The service. Our server was delightful, attentive without hovering and pleasant without gushing. She answered our questions and cleared the table as we finished with dishes and replaced drinks in a timely manner. I liked her. The servers wear Danny Boy's T-shirts with phrases printed on the back, and one read "Frank Likes Carbs." I knew we were in trouble when I saw it, which leads me to the menu.
The food. I continue to be dumbfounded by restaurants, especially relatively new ones, that pride themselves on extra fat and extra calories and extra-large portions as if these are characteristics to be proud of. I assumed we would all be aware by now that heart disease is the number one killer in America. We go nuts over AIDS and breast cancer, but it's heart disease that's doing us in, so by all means, let's have more potato chips piled with cheese. And when a couple orders garlic bread with marinara, let's make sure they get enough to feed two families. This happened to a couple at the table beside us–they ordered the mountain of garlic bread and then a large Chicago pizza to split between them and their tiny toddler.
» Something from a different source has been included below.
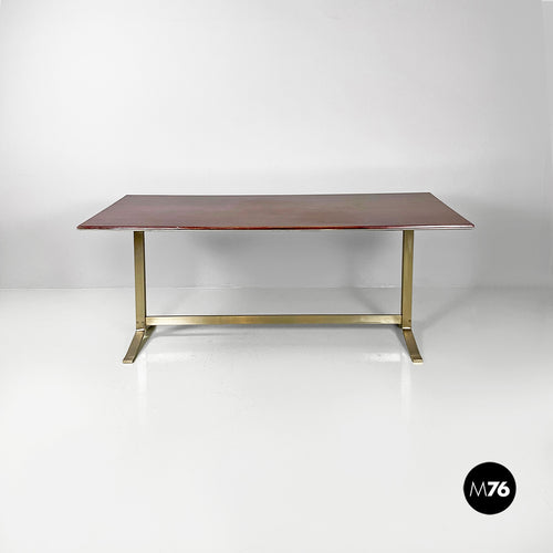 Wood top and metal base desk or dining table by Formanova, 1970s

Danny Boy's is all about gigantic portions of slop. We flipped through the menu trying to decide what to order, and when the server stepped up with her pencil ready, Husband pointed to a photo in the appetizer section and asked, "What's this a picture of?" because it was indiscernible. It was Bada Bing Buffalo Chips, potato chips drizzled with buffalo sauce and blue cheese and then baked. We'll take it, that and a small Chicago pizza. We used to live there, too, and nothing beats a real, stuffed Chicago pizza. Nothing.
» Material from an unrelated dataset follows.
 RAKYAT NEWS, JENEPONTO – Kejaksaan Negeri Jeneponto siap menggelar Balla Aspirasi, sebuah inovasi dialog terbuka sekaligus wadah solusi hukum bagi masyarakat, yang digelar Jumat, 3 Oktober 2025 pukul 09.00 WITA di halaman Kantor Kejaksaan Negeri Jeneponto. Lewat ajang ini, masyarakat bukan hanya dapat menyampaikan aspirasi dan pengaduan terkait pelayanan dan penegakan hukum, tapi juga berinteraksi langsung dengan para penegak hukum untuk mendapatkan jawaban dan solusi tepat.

Seriously, I'm not rigid with a low-fat diet, which is evidenced by the mommy pants I so enjoy wearing, and I can enjoy a good burger as much as the next carnivore, but I was startled when our appetizer arrived. It was a pile of chips the size of a pile of the Rat Pack's empties after an all-night party, and we could barely make a dent in it. Husband has a trick—when he has finished dinner, but it looks like he hasn't eaten very much, he shoves what's left to the edge of the plate to make it look like he has eaten more. We couldn't shove the uneaten chips to the side of the platter without causing an avalanche, so we just had to have the server remove the plate.
Thank goodness we ordered a small pizza. It's 10 inches and six slices, and we boxed up 2 1/2 slices to take home. It was good. I'll give them that. But it's not a Chicago pizza as I know Chicago pizza. I would order it again, if I were to go back to Danny Boy's; and if someone were to ask me for a suggestion should they consider going there, I'd say "get the Chicago pizza." But I'm not sure I would recommend the place to anyone, and I'm not sure I would return anytime soon.
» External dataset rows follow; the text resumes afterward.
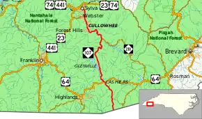 North Carolina Highway 107 (NC 107) is a primary state highway in the U.S. state of North Carolina. The highway runs north–south from the South Carolina state line, near Cashiers, to US 23 Business in Sylva.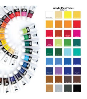 - RICH COLORS - 36 piece, Assorted Colors. Acrylic Paint is smooth, vividly pigmented colors with a thick consistency for an effortless application that is permanent when dry.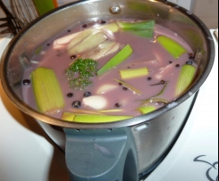 Habe das komplett kleingeschnittene Gemüse aus dem Sud in den Mixtopf und im Varoma aufgeteilt (Zusätzlich noch zwei Kartoffeln dazu gelegt). Letztlich die Garflüssigkeit und das Gemüse aus dem Varoma eine Minute auf 10 püriert; Sahne war eh der Kartoffeln überflüssig. Weltklasse die Soße! Danke für das Einstellen!

I think KFC is a nasty place to buy food, but once a year or so, I crave a piece or two of extra crispy. I rarely order burgers at fast food places, but now and then, I'll get a Junior Bacon Deluxe at Wendy's instead of a salad. I'll add Danny Boy's to this short list of indulgent food places. Maybe one day next year, we'll be driving around and wondering where to go for dinner, and one of us will say let's go to Danny Boy's for a monstrous serving of gloppy, fatty, vegetable-lacking food piled high on a platter so we can walk away disappointed and feeling in need of a shower and a colon cleanse.
Is that harsh?
Comments
I've never eaten in a place like that but your review has tempted me to try it just once before I die. The trouble is the shock of all that fat, salt and sugar would probably kill me right there and then. I could feel my arteries congeal just reading about it. Wonderful writing!